TEDx features local speakers

A group of Mount Allison University student volunteers held the university’s second annual TEDx event last weekend.

The event was themed ‘Thinking Outside the Box’, and featured five speakers from within the Mt. A community as well as from surrounding areas, including Moncton and Halifax. Among the speakers was Mt. A alumnus and entrepreneur Rivers Corbett, physics professor Dr. Catherine Lovekin, and fourth-year student and Rhodes Scholar Kylie de Chastelain. The event also featured a performance from In- Flight Safety, a Halifax-based group that formed at Mt. A.

Ron Byrne, Mt. A’s vice-president international and student affairs, moderated the event.

With five speakers, the event featured two fewer speakers than the 2013 event, but the event managed to attract a larger audience: Over eighty tickets were sold of the hundred available, while roughly sixty tickets were sold last year.

Jeehan Jawed, vice-president of Mt. A’s TEDx committee and speaker co-ordinator founded the group with Phil LeBeouf as a Leadership Mount Allison project. They developed a committee to work on getting a license with TED, organizing logistics and preparing speakers, and received close cooperation from the alumni office.

“It was a lot of trial and error,” said Jawed.

Jawed, a second-year Mt. A student, said she was interested in bringing a TED event to Sackville because “it is [a] completely different experience being able to watch these speakers and physically be there listening to their words.” All TEDx talks are made publicly available online. Jawed added that “getting to go up to [the speakers] afterwards to ask them questions” enhances the experience.

Justin Ryan of the Multicultural Association of Greater Moncton Area spoke on the importance of unconventional thinking, tying it into his experiences of helping immigrants settle in the area.

“Convention is how we operate and how we get through most of the time; it’s just not how we should get through all the time,” he said.

Kylie de Chastelain gave the first address, her second TED talk. This time, de Chastelain shared her experience from a recent summer course taken through Trent University that took her to the Northwest Territories. Like Ryan, de Chastelain used the theme of thinking outside the box to positively reflect on the cross-cultural experience of studying in Trent. “The cultures are just so different; it’s so important to have the chance to talk to people here about it.”

“We are just hoping to get bigger and better every year and have nationally recognized speakers come in,” Jawed told The Argosy. She said that attendance was up from the previous year, and that the group has been approached by students who would like to join the organizing committee.
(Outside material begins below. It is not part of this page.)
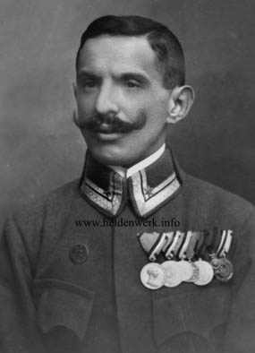 Rudolf Schwemberger wurde am 5. Juli 1885 in Bozen geboren. Nach Besuch der Volksschule in Brixen übersiedelte seine Familie nach Hall in Nordtirol, wo er seine Ausbildung zu Ende führte um schließlich das Handwerk eines Waffenschmiedes zu erlernen. Diesen Beruf übte er auch ab 1903 in Hall aus, bis er 1906 zum 2. Regiment Tiroler Kaiserjäger nach Brixen eingezogen wurde, wo er bis 1909 seinen Wehrdienst ableistete. Im Februar 1910 trat er in den Staatsdienst ein und zwar bei der k.k. Finanzwache in Kufstein, wo er bis Kriegsbeginn Dienst tat. Gleich im August 1914 wurde Rudolf Schwemberger als Reserve-Zugsführer in sein Stammregiment einberufen und ging im Verbande der 16. Feldkompanie nach Galizien an die russische Front ab. In rascher Folge erwarb er im Februar 1915 zuerst die Silberne Tapferkeitsmedaille 2. Klasse und danach jene 1. Klasse. Eine schwer, im Felde zugezogene Krankheit zwang ihn jedoch von Mai bis Dezember 1915 zu einem Spitalsaufenthalt in Beneschau. Diese Gelegenheit nützte Rudolf Schwemberger um am 6. September 1915 Frau Anna Hanusch zu ehelichen, die ihm in weiterer Folge acht Kinder schenken sollte. Nach seiner Genesung rückte er im Frühjahr 1916 wieder zu seinem Regiment ein, das mittlerweile an die Südfront verlegt worden war. Hier wurde Rudolf Schwemberger, der mittlerweile zum Stabsoberjäger befördert worden war, als Zugskommandant im Rahmen der 7. Feldkompanie eingesetzt. In dieser Funktion konnte er auch im Oktober 1917 die Goldene Tapferkeitsmedaille erringen. Im entsprechenden Belohnungsantrag heißt es wie folgt: „Meldete sich am 11. Oktober 1917 freiwillig zu einer wichtigen Rekognoszierung der feindlichen Stellung auf der Nordkuppe des Monte Piano. Er führte mit Zugsführer Hütter derselben Kompanie seine Aufgabe in hervorragend schneidiger Weise auf nächste Distanz vom Feinde durch. Die Unternehmung hatte vollen Erfolg und brachte wichtige Aufschlüsse über die feindlichen Stellungen. Kurz vor Einrücken wurde er durch eine Handgranate derart schwer im Gesicht verwundet, dass er höchstwahrscheinlich sein Augenlicht verlieren wird. Stabsoberjäger Schwemberger ist einer der Besten und Bravsten des Baons. Als Kommandant in höchsten Grade energisch, selbständig, stets bereit zu gefahrvollen Patrouillen, unermüdlich im Dienste, mit Liebe und Seele Soldat, hat er während des Krieges stets mit voller Hingabe seinen Dienst erfüllt und immer mehr geleistet, als es Gehorsam und Soldatenpflicht verlangen.“ Die genannte schwere Verwundung wurde zuerst in Innsbruck, dann in Kufstein behandelt und die Ärzte konnten schließlich den Verlust des Augenlichtes verhindern, für Rudolf Schwemberger bedeutete es allerdings einen, von Mitte Oktober 1917 bis Anfang Jänner 1919 andauernden, Spitalsaufenthalt! Während dieser langen Spitalspflege erhielt er das Karl-Truppen-Kreuz, die Verwundetenmedaille mit zwei Bandstreifen, wurde zum Reserve-Offiziersstellverteter befördert und es wurde ihm natürlich die Goldene Tapferkeitsmedaille überreicht - ohne Verleihungsfeier, einfach so gegen Revers auf die Hand! Zeitlebens ist Offiziersstellvertreter Schwemberger über diese Behandlung verärgert und zutiefst gekränkt. Möglicherweise ein Grund dafür, dass er die ihm übergebene Tapferkeitsmedaille mit dem Bildnis von Kaiser Karl niemals trägt, sondern immer ein Ersatzstück mit dem Bildnis von Kaiser Franz Joseph. Nach seiner Genesung kehrte er wieder in den Dienst bei der Zollwache zurück, wo er schon bald Leiter des Straßenzollamts in Kiefersfelden wurde. Nach dem Anschluss Österreichs ans Großdeutsche Reich wurden, anlässlich des 25sten Jahrestages der Schlacht von Tannenberg am 27. August 1939, viele Träger höchster Tapferkeitsauszeichnungen ehrenhalber zu Offizieren in der deutschen Wehmacht befördert. Zollwach-Inspektor Rudolf Schwemberger war einer der wenigen, dem diese Ehre nicht zu teil wurde. Offenbar hatten die neuen Machthaber Zweifel an seiner politischen Gesinnung, die zwar nicht ausreichten ihn, wie andere Träger der Goldenen, zu internieren oder anderer Repressalien auszusetzen, aber für unbedenklich konnten sie ihn auch nicht erklären. Rudolf Schwemberger blieb bis zu seiner Pensionierung als Zollwach-Gruppeninspektor im Jahre 1950 Zollamtsleiter in Kiefersfeld. Seine Ruhejahre verbrachte er mit seiner Frau in Innsbruck. Am 9. November 1964 verstirbt Rudolf Schwemberger in Innsbruck, sein Grab befindet sich am Pradler-Friedhof. © Jörg C. Steiner, Wien |

Though the speakers are not supposed to be paid under TED guidelines, Jawed noted besides hopes for expansion that the group is hoping for more funding in the future to pay technicians and other helpers who have been providing free services.

TED began as a conference nearly thirty years ago. TEDx events are independently organized by local committees but must adhere to some guidelines provided by TED.

Second-year student Franziska Glen attended Saturday’s event. “I had pretty high expectations this year, some of the speakers I think I could relate to their topics more than others.”